## Task details
Omit all images, then repeat exactly the lines below from the one containing "運転などの動作を妨げない横付ファン仕様!UVカット率95%以上 4L~5L SOWA" through the one containing "Fereastra principală a EDR Agent", both ends included.

## Data to examine
= Beginning of Section =

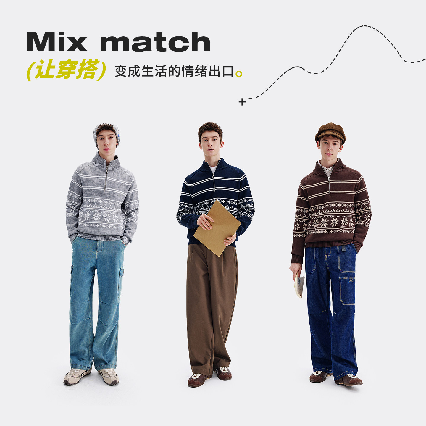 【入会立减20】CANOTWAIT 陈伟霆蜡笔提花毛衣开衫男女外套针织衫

= End of Section =
= Beginning of Section =

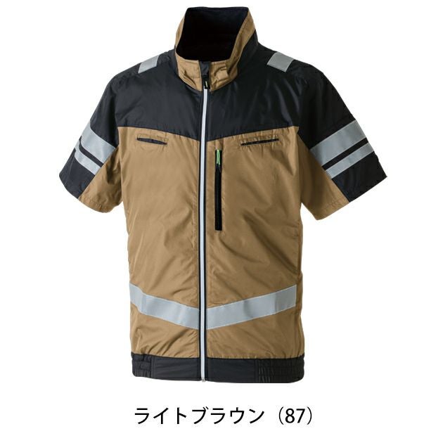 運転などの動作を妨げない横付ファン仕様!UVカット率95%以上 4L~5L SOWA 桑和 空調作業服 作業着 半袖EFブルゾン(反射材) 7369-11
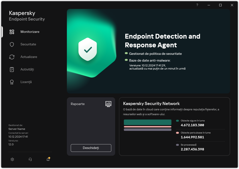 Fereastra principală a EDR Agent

= End of Section =

## Response
 運転などの動作を妨げない横付ファン仕様!UVカット率95%以上 4L~5L SOWA 桑和 空調作業服 作業着 半袖EFブルゾン(反射材) 7369-11
 Fereastra principală a EDR Agent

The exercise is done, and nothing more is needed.